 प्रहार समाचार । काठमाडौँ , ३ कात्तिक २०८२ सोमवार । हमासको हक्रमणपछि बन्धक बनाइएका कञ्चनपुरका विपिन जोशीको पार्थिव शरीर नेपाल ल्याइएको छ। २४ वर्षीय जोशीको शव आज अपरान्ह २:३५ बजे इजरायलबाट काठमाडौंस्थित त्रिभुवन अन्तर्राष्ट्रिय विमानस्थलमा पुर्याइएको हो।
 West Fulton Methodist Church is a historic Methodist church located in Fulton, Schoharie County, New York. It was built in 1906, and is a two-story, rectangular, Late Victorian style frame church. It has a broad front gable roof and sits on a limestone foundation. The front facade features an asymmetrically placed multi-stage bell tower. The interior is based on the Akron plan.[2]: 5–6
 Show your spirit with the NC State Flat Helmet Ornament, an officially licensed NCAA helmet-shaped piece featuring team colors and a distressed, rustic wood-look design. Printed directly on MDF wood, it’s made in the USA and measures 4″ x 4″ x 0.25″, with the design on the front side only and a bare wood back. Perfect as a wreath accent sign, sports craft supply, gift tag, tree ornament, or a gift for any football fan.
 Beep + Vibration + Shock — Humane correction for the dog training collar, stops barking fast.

* * *

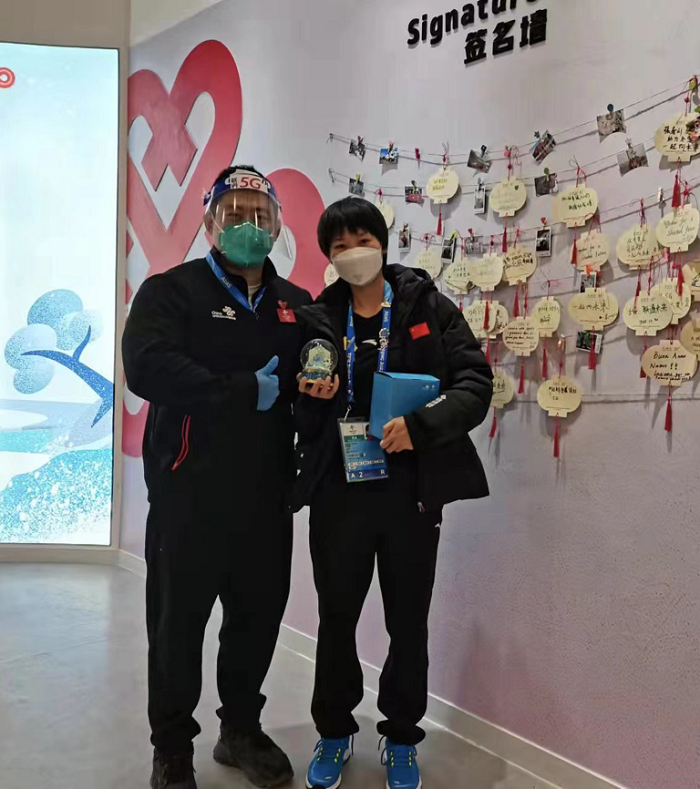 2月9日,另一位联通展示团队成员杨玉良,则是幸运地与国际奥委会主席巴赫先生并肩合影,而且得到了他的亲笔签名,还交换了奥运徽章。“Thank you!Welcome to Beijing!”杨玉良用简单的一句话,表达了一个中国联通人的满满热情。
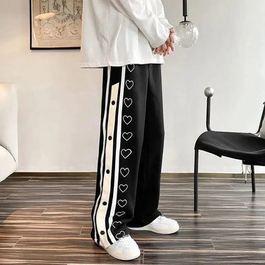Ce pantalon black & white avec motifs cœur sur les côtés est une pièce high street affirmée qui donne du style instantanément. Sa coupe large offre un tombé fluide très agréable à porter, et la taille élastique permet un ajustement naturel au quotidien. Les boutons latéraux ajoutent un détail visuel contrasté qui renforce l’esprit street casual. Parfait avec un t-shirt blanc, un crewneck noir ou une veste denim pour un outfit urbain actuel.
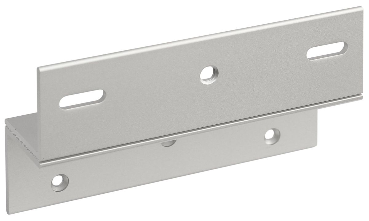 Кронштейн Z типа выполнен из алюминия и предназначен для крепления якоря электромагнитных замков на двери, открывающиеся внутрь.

# [Aim of the task]
Extract exactly and only the lines above from the line containing "प्रहार समाचार ।" through the line containing "West Fulton Methodist", both end lines included.

# [Answer to this problem]
 प्रहार समाचार । काठमाडौँ , ३ कात्तिक २०८२ सोमवार । हमासको हक्रमणपछि बन्धक बनाइएका कञ्चनपुरका विपिन जोशीको पार्थिव शरीर नेपाल ल्याइएको छ। २४ वर्षीय जोशीको शव आज अपरान्ह २:३५ बजे इजरायलबाट काठमाडौंस्थित त्रिभुवन अन्तर्राष्ट्रिय विमानस्थलमा पुर्याइएको हो।
 West Fulton Methodist Church is a historic Methodist church located in Fulton, Schoharie County, New York. It was built in 1906, and is a two-story, rectangular, Late Victorian style frame church. It has a broad front gable roof and sits on a limestone foundation. The front facade features an asymmetrically placed multi-stage bell tower. The interior is based on the Akron plan.[2]: 5–6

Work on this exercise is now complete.